WHAT NEEDS TO BE DONE: Set the pictures aside and return each record below precisely as written.

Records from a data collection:
+++

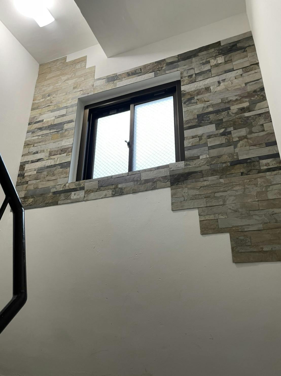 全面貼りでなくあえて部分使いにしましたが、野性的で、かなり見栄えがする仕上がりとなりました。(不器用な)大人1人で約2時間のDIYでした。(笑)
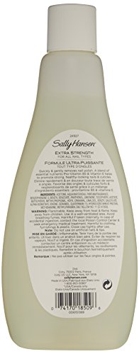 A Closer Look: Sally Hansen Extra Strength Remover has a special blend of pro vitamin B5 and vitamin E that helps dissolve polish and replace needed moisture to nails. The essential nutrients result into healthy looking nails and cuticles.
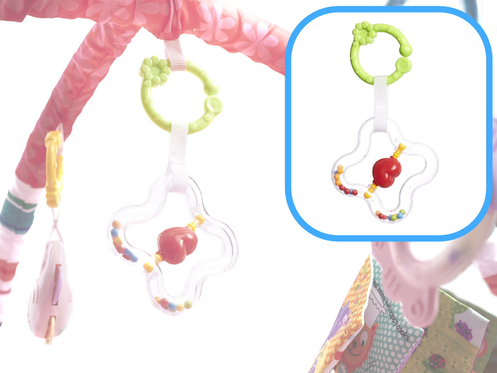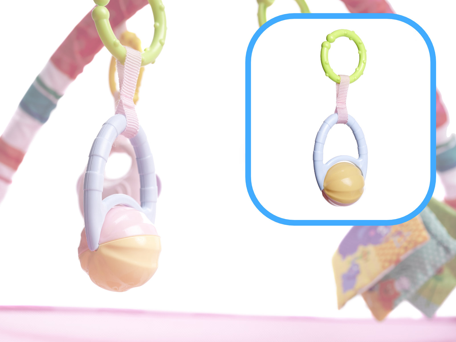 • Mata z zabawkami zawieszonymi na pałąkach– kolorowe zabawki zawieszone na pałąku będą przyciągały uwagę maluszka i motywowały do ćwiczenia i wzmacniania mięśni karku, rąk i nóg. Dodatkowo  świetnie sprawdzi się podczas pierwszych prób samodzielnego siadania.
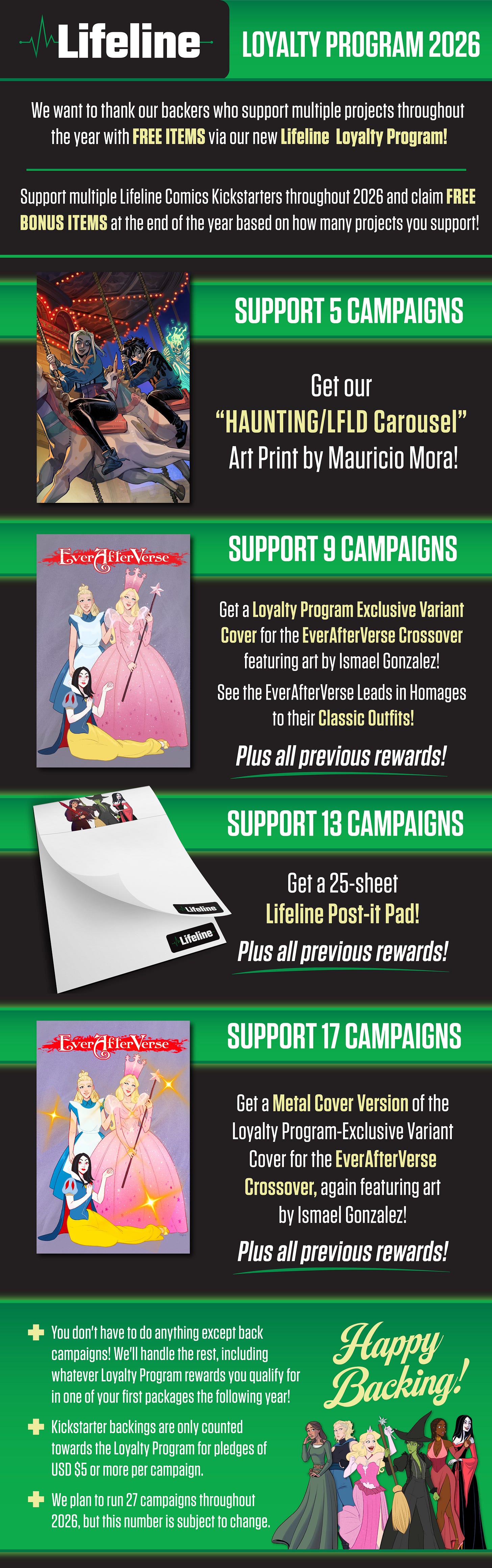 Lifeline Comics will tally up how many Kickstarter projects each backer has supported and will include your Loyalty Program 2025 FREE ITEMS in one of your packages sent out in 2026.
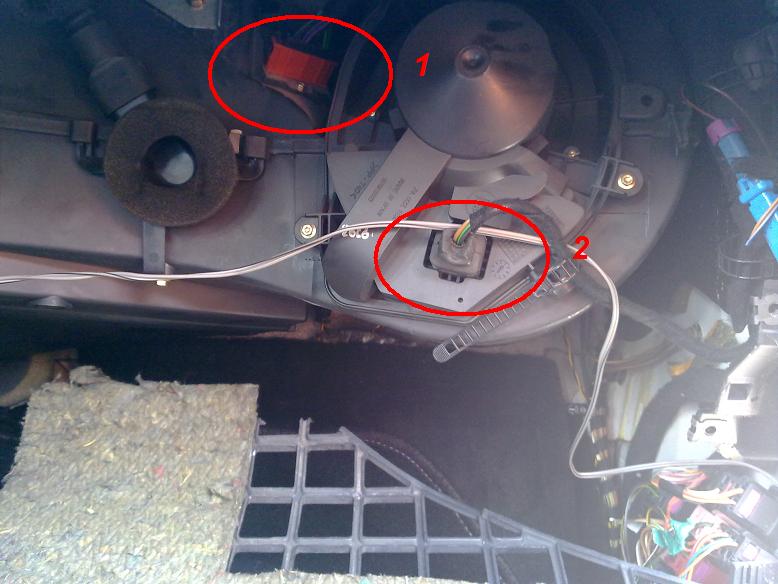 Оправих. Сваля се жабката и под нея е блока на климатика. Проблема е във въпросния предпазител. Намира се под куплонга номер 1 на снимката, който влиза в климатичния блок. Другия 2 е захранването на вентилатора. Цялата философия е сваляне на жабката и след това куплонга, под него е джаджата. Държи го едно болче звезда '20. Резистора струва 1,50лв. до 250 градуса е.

+++

RESULT:
 全面貼りでなくあえて部分使いにしましたが、野性的で、かなり見栄えがする仕上がりとなりました。(不器用な)大人1人で約2時間のDIYでした。(笑)
 A Closer Look: Sally Hansen Extra Strength Remover has a special blend of pro vitamin B5 and vitamin E that helps dissolve polish and replace needed moisture to nails. The essential nutrients result into healthy looking nails and cuticles.
 • Mata z zabawkami zawieszonymi na pałąkach– kolorowe zabawki zawieszone na pałąku będą przyciągały uwagę maluszka i motywowały do ćwiczenia i wzmacniania mięśni karku, rąk i nóg. Dodatkowo  świetnie sprawdzi się podczas pierwszych prób samodzielnego siadania.
 Lifeline Comics will tally up how many Kickstarter projects each backer has supported and will include your Loyalty Program 2025 FREE ITEMS in one of your packages sent out in 2026.
 Оправих. Сваля се жабката и под нея е блока на климатика. Проблема е във въпросния предпазител. Намира се под куплонга номер 1 на снимката, който влиза в климатичния блок. Другия 2 е захранването на вентилатора. Цялата философия е сваляне на жабката и след това куплонга, под него е джаджата. Държи го едно болче звезда '20. Резистора струва 1,50лв. до 250 градуса е.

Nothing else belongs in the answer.